▶ REQUIRED WORK: From the entries below, transcribe exactly the lines between the line holding "Against this good" and the line holding "AI generated image", inclusive; skip all other lines.

▶ DATASET EXTRACT:
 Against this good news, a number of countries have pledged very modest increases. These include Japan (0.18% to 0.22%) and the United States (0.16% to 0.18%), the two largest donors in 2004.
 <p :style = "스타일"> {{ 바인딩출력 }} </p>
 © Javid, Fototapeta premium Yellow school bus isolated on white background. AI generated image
...
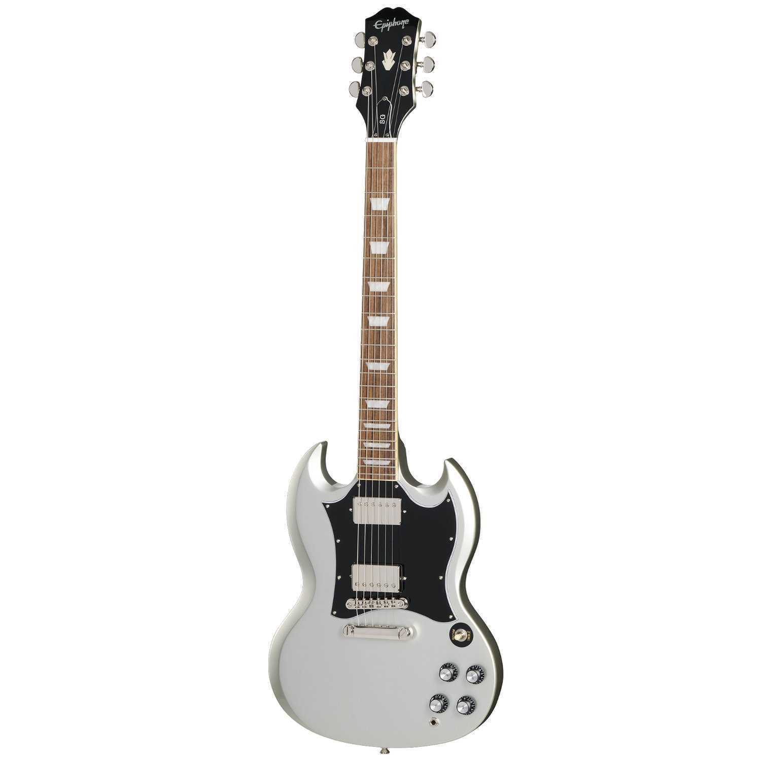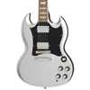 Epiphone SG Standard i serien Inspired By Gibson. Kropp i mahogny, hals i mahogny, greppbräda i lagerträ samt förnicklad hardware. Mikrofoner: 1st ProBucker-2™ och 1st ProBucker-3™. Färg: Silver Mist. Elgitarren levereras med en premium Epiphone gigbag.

▶ RESPONSE AREA:
 Against this good news, a number of countries have pledged very modest increases. These include Japan (0.18% to 0.22%) and the United States (0.16% to 0.18%), the two largest donors in 2004.
 <p :style = "스타일"> {{ 바인딩출력 }} </p>
 © Javid, Fototapeta premium Yellow school bus isolated on white background. AI generated image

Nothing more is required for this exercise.